- About this exercise
Repeat only the lines below that run from the line with "(视界网 朱本双 摄)" to the line with "El centro de", ends included; skip every picture.

────

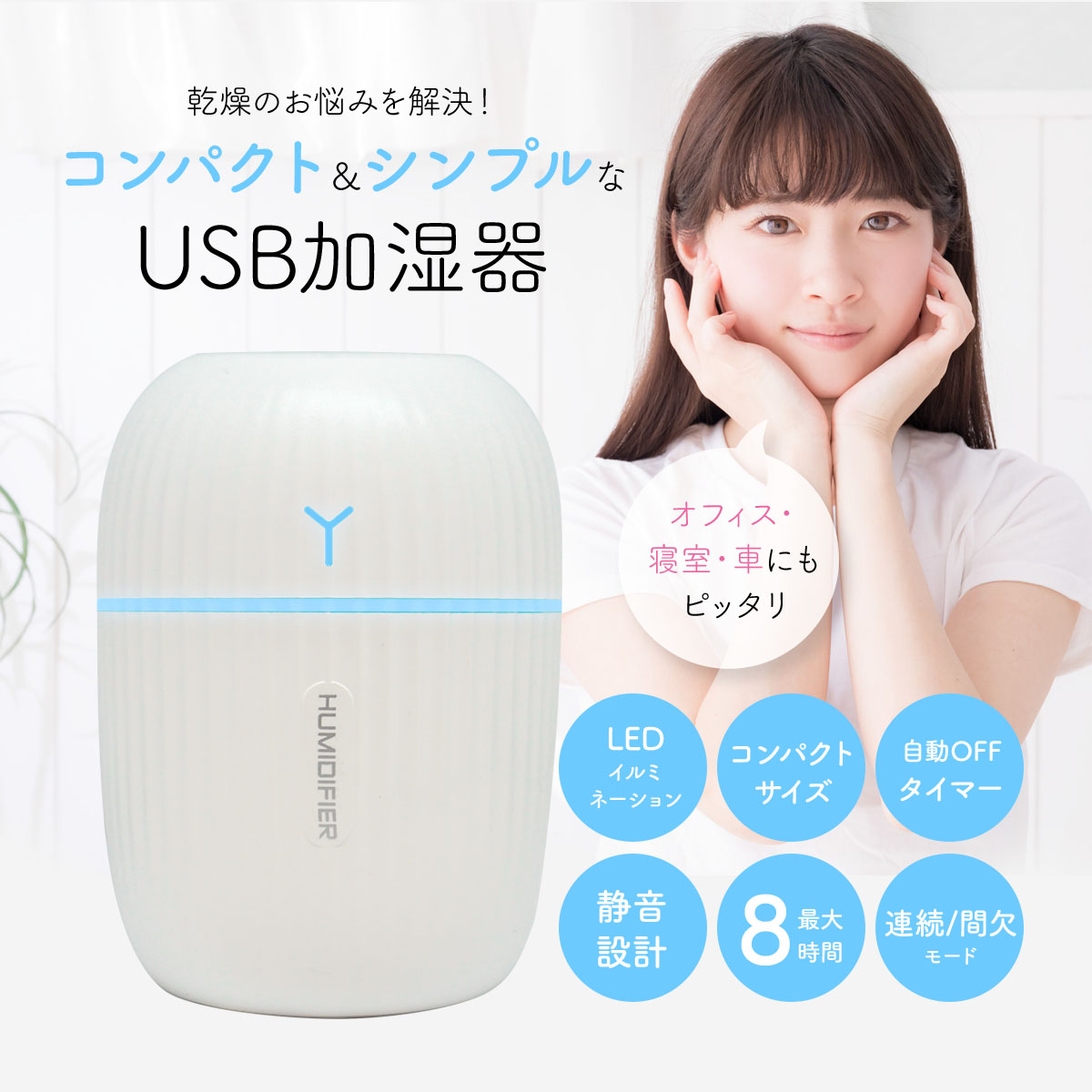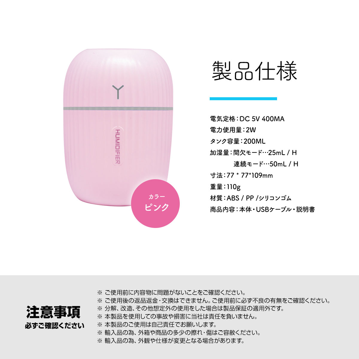 • 加湿器 卓上加湿器 USB 小型 超音波 大容量 ミストボックス USB加湿器 卓上 オフィス 長時間 車載 携帯加湿器 7色LED ミニ 加湿機 ピンク
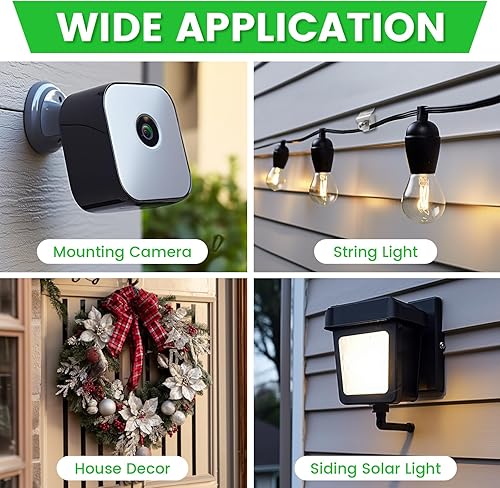 【VERSATILE OUTDOOR USE】versatile enough for all outdoor needs! Use these siding hooks for hanging security cameras, string lights, wreaths, house numbers, and address plaques. Compatible with aluminum, and fiber cement siding.
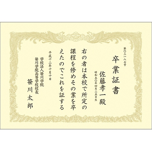 ササガワ タカ印 OA賞状用紙 クリーム A4 タテ書用 業務用パック 10-1167 100枚/箱(ご注文単位1箱)【直送品】
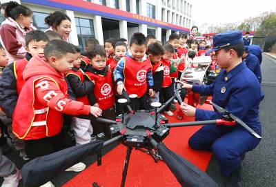 此外,孩子们在消防员的指导下学习消防服的穿戴和灭火器的使用,观看体验无人机空投救生圈、火灾逃生、体验乘坐消防车等项目,让孩子们实实在在过了一把“消防员”瘾。“消防车这个‘变形金刚’实在太强大了。消防员叔叔真是太厉害了!上大后,我们也要当消防员!”孩子们既兴奋又感慨。 (视界网 朱本双 摄)
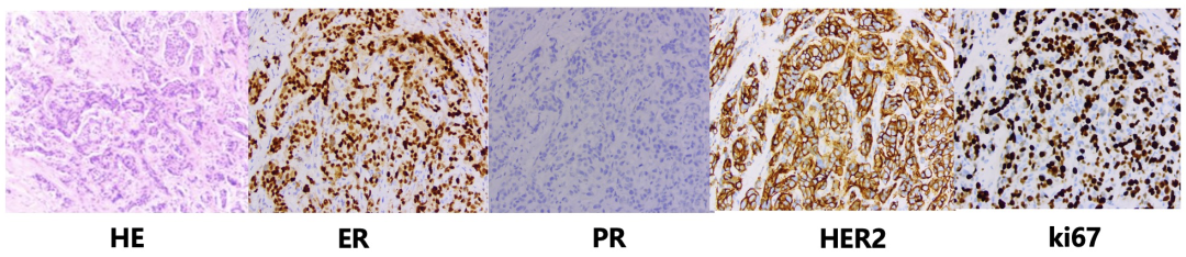乳腺浸润性癌,非特殊类型,III级。IHC:ER约90%强(+)、PR约10%弱-强(+)、HER2(3+)、Ki67约65%(+)。
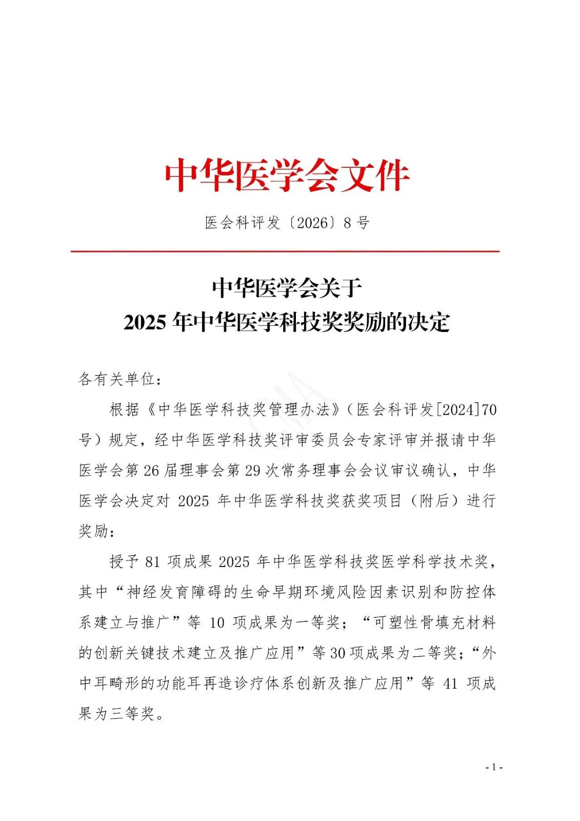授予81项成果2025年中华医学科技奖医学科学技术奖,其中“神经发育障碍的生命早期环境风险因素识别和防控体系建立与推广”等10项成果为一等奖;“可塑性骨填充材料的创新关键技术建立及推广应用”等30项成果为二等奖;“外中耳畸形的功能耳再造诊疗体系创新及推广应用”等41项成果为三等奖。
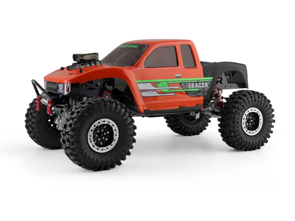 Tracer je technicky pokročilý off-road speciál pro opravdové nadšence s designem zaměřeným na zdolávání těch nejtěžších překážek. RTR verze je sestavena s rozvorem 313 mm, portálovými nápravami, 10,6% zvýšenými otáčkami přední nápravy (overdrive), dvěma servy pro dvounápravové přízení a barevnou lakovanou karoserií.
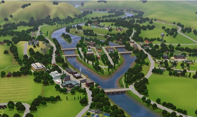 El centro de la ciudad está construido principalmente en torno a los objetos de la colección "El vendedor emprendedor", como forma de muestra, que se incluye con el mundo, donde los Sims pueden poseer y operar sus propios negocios y quioscos.
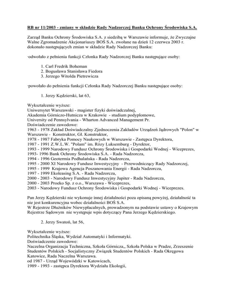 RB nr 11/2003 - zmiany w składzie Rady Nadzorczej Banku Ochrony Środowiska S.A. Zarząd Banku Ochrony Środowiska S.A. z siedzibą w Warszawie informuje, że Zwyczajne Walne Zgromadzenie Akcjonariuszy BOŚ S.A. zwołane na dzień 12 czerwca 2003 r. dokonało następujących zmian w składzie Rady Nadzorczej Banku: ·odwołało z pełnienia funkcji Członka Rady Nadzorczej Banku następujące osoby: 1. Carl Fredrik Boheman 2. Bogusława Stanisława Fiedora 3. Jerzego Witolda Pietrewicza ·powołało do pełnienia funkcji Członka Rady Nadzorczej Banku następujące osoby: 1. Jerzy Kędzierski, lat 63, Wykształcenie wyższe: Uniwersytet Warszawski - magister fizyki doświadczalnej, Akademia Górniczo-Hutnicza w Krakowie - studium podyplomowe, University od Pennsylvania - Wharton Advanced Management Pr. Doświadczenie zawodowe: 1963 - 1978 Zakład Doświadczalny Zjednoczenia Zakładów Urządzeń Jądrowych "Polon" w Warszawie - Konstruktor, Gł. Konstruktor, 1978 - 1987 Fabryka Pomocy Naukowych w Warszawie - Zastępca Dyrektora, 1987 - 1991 Z.W.L.W. "Polam" im. Rózy Luksemburg - Dyrektor, 1993 - 1999 Narodowy Fundusz Ochrony Środowiska i Gospodarki Wodnej - Wiceprezes, 1993- 1996 Bank Ochrony Środowiska S.A. - Rada Nadzorcza, 1994 - 1996 Geotermia Podhalańska - Rada Nadzorcza, 1995 - 2000 XI Narodowy Fundusz Inwestycyjny - Przewodniczący Rady Nadzorczej, 1995 - 1999 Krajowa Agencja Poszanowania Energii - Rada Nadzorcza, 1997 - 1999 Ekoleasing S.A. - Rada Nadzorcza, 2000 - 2003 - Narodowy Fundusz Inwestycyjny Jupiter - Rada Nadzorcza, 2000 - 2003 Proeko Sp. z o.o., Warszawa - Wiceprezes, 2003 - Narodowy Fundusz Ochrony Środowiska i Gospodarki Wodnej - Wiceprezes. Pan Jerzy Kędzierski nie wykonuje innej działalności poza opisaną powyżej, działalność ta nie jest konkurencyjna wobec działalności BOŚ S.A. W Rejestrze Dłużników Niewypłacalnych, prowadzonym na podstawie ustawy o Krajowym Rejestrze Sądowym nie występuje wpis dotyczący Pana Jerzego Kędzierskiego. 2. Jerzy Swatoń, lat 56, Wykształcenie wyższe: Politechnika Śląska, Wydział Automatyki i Informatyki. Doświadczenie zawodowe: Naczelna Organizacja Techniczna, Szkoła Górnicza,, Szkoła Polska w Pradze, Zrzeszenie Studentów Polskich - Socjalistyczny Związek Studentów Polskich - Rada Okręgowa Katowice, Rada Naczelna Warszawa. od 1987 - Urząd Wojewódzki w Katowicach, 1989 - 1993 - zastępca Dyrektora Wydziału Ekologii, od 1993 - Prezes Zarządu Wojewódzkiego Funduszu Ochrony Środowiska i Gospodarki Wodnej w Katowicach, od 2001 - Zastępca Prezesa Narodowego Funduszu Ochrony Środowiska i Gospodarki Wodnej, od 2003 - Prezes Zarządu Narodowego Funduszu Ochrony Środowiska i Gospodarki Wodnej Pan Jerzy Swatoń pełni jednocześnie funkcje członka Rady Nadzorczej WFOŚiGW w Katowicach oraz członka Rady Nadzorczej Przedsiębiorstwa Państwowego Kombinat Górniczo-Hutniczy "Bolesław". Inne: 1996 - 1999 członek Rady Nadzorczej BOŚ S.A., 2001 - 2002 Polski Klub Ekologiczny, Stowarzyszenie ProVita, Stowarzyszenie "Nowa Polska, Stowarzyszenie "Ordynacka", Solidarność Polsko - Czesko - Słowacka. Pan Jerzy Swatoń nie wykonuje innej działalności poza opisaną powyżej, działalność ta nie jest konkurencyjna wobec działalności BOŚ S.A. W Rejestrze Dłużników Niewypłacalnych, prowadzonym na podstawie ustawy o Krajowym Rejestrze Sądowym nie występuje wpis dotyczący Pana Jerzego Swatonia. 3. Claes - Johan (C-J) Thureson, lat 46, Wykształcenie wyższe: 1976 - 1980 Licencjat - Sztuka, Szkoła Ekonomiczna w Sztokholmie. 1976 - 1980 Magister Prawa, Uniwersytet w Sztokholmie. Doświadczenie zawodowe: 1980 - 1981 Pracownik sądu, Sąd w Sztokholmie 1981 - 1982 Londyn, Gulf Agency Co 1982 - 1986 Kuwejt, Gulf Agency Co 1986 - 1990 Przedstawiciel na Środokowy Wschód, SEB 1990 - 1999 Departament Bankowowści Korporacyjnej, SEB 1999 - 2001 Szef Działu Emisji Udziałów, SEB 2001 - Szef Działu Średnich Przedsiębiorstw, Finansowanie Handlu Zagranicznego, SEB Pan Claes-JohanThureson nie wykonuje innej działalności poza opisaną powyżej, działalność ta nie jest konkurencyjna wobec działalności BOŚ S.A. W Rejestrze Dłużników Niewypłacalnych, prowadzonym na podstawie ustawy o Krajowym Rejestrze Sądowym nie występuje wpis dotyczący Pana Claes-JohanThureson.
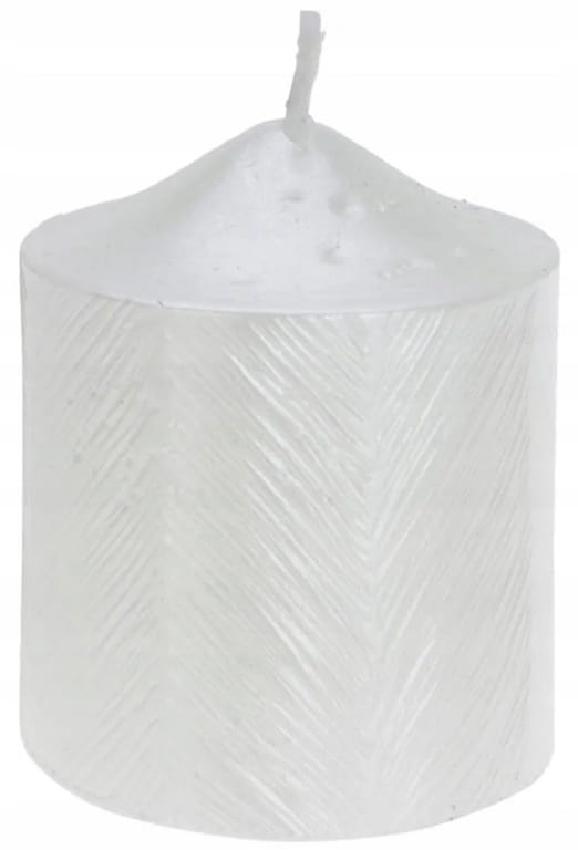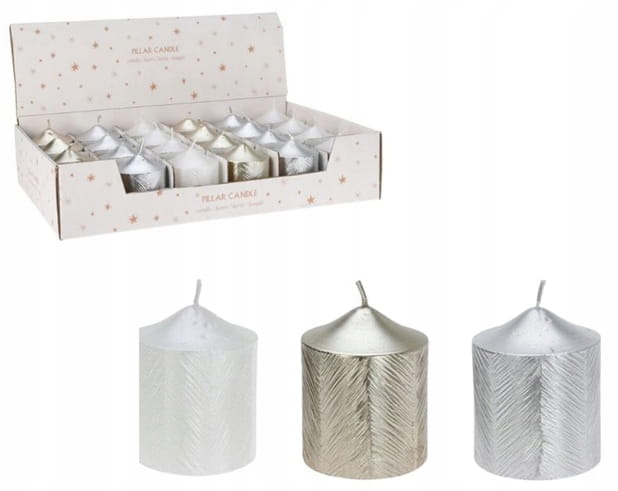 Elegancka świeca dekoracyjna z metalicznym połyskiem i wzorem, dostępna w trzech kolorach: białym, srebrnym i złotym, to idealny dodatek do każdego wnętrza, który przyciąga wzrok i tworzy wyjątkowy klimat.
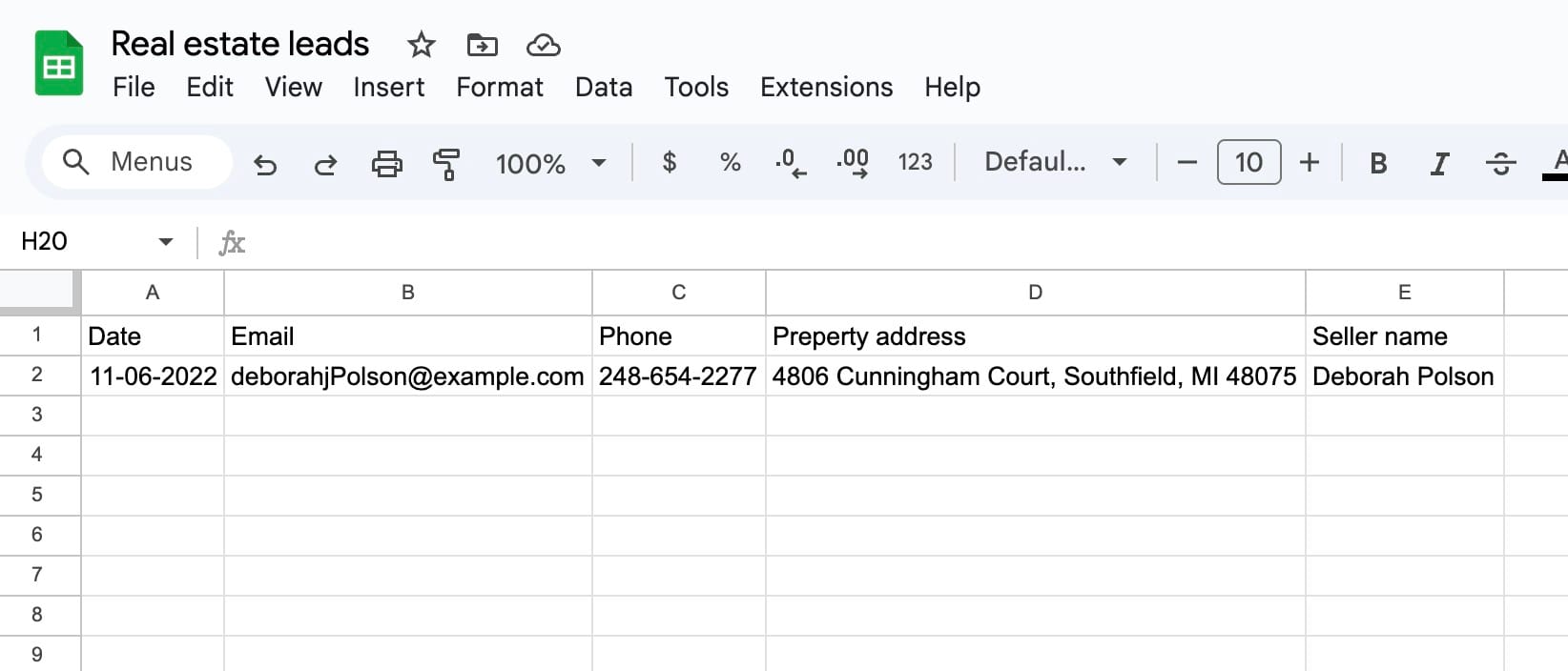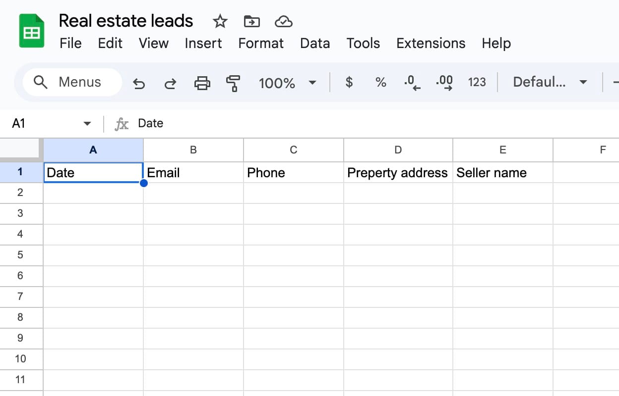 - Spreadsheet → Select your target sheet (e.g., “Real estate leads”)
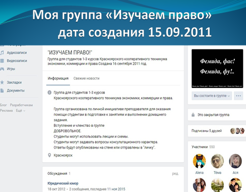 Созданная группа «Изучаем право!» позволяет многим родителям успешно осуществлять контроль за образовательным процессом своего ребенком.
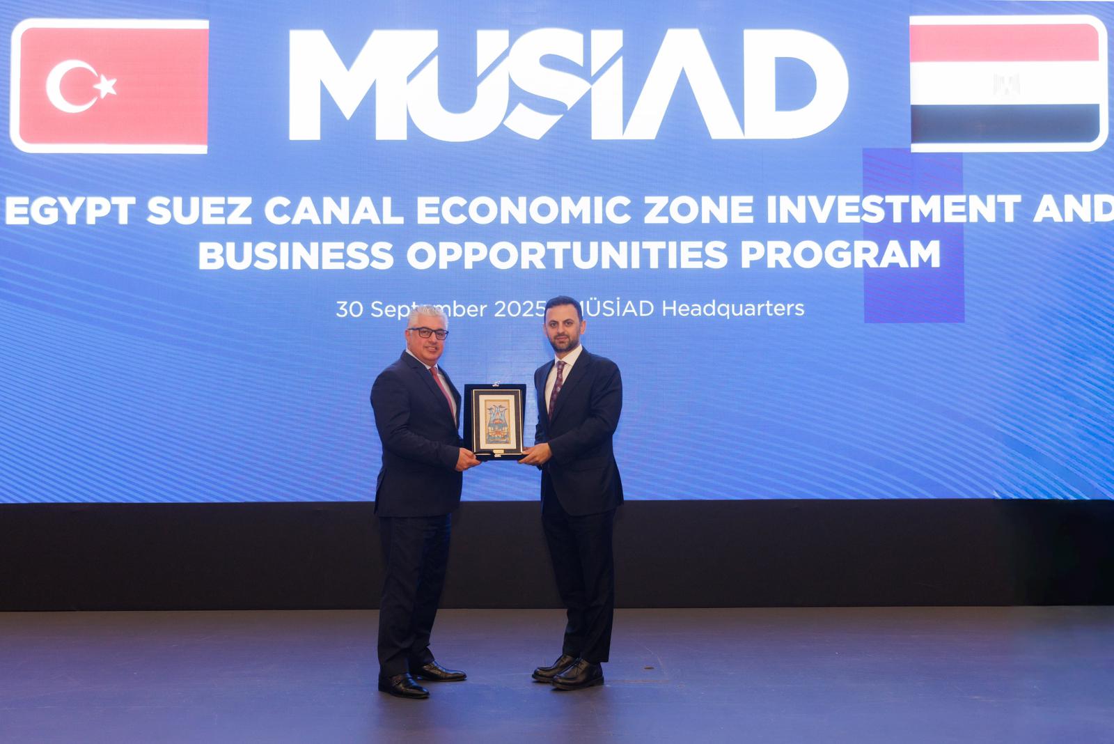 التقى وليد جمال الدين، رئيس الهيئة العامة للمنطقة الاقتصادية لقناة السويس، صباح اليوم، رئيس اتحاد رجال الأعمال المستقلين الأتراك (MÜSİAD) وممثلي 12 شركة تركية كبرى تعمل في مختلف القطاعات، وذلك خلال مائدة مستديرة بمقر الاتحاد، ضمن فعاليات اليوم الثاني من جولته الترويجية في تركيا للترويج لفرص الاستثمار في المنطقة الاقتصادية. ويُعد اتحاد MÜSİAD أحد أكبر منظمات الأعمال في تركيا، حيث يضم أكثر من 13 ألف عضو يمثلون ما يقرب من 60 ألف شركة يعمل بها نحو 1.8 مليون موظف، ويملك شبكة واسعة تضم 83 مكتبًا داخل تركيا و85 مكتبًا خارجيًا في 71 دولة، وذلك بحضور السفير د. وائل بدوي، سفير مصر في تركيا، والسفير حاتم الألفي، قنصل مصر العام في إسطنبول، والسيد علي باشا، الوزير المفوض التجاري في إسطنبول.

────

- Output below
 此外,孩子们在消防员的指导下学习消防服的穿戴和灭火器的使用,观看体验无人机空投救生圈、火灾逃生、体验乘坐消防车等项目,让孩子们实实在在过了一把“消防员”瘾。“消防车这个‘变形金刚’实在太强大了。消防员叔叔真是太厉害了!上大后,我们也要当消防员!”孩子们既兴奋又感慨。 (视界网 朱本双 摄)
乳腺浸润性癌,非特殊类型,III级。IHC:ER约90%强(+)、PR约10%弱-强(+)、HER2(3+)、Ki67约65%(+)。
授予81项成果2025年中华医学科技奖医学科学技术奖,其中“神经发育障碍的生命早期环境风险因素识别和防控体系建立与推广”等10项成果为一等奖;“可塑性骨填充材料的创新关键技术建立及推广应用”等30项成果为二等奖;“外中耳畸形的功能耳再造诊疗体系创新及推广应用”等41项成果为三等奖。
 Tracer je technicky pokročilý off-road speciál pro opravdové nadšence s designem zaměřeným na zdolávání těch nejtěžších překážek. RTR verze je sestavena s rozvorem 313 mm, portálovými nápravami, 10,6% zvýšenými otáčkami přední nápravy (overdrive), dvěma servy pro dvounápravové přízení a barevnou lakovanou karoserií.
 El centro de la ciudad está construido principalmente en torno a los objetos de la colección "El vendedor emprendedor", como forma de muestra, que se incluye con el mundo, donde los Sims pueden poseer y operar sus propios negocios y quioscos.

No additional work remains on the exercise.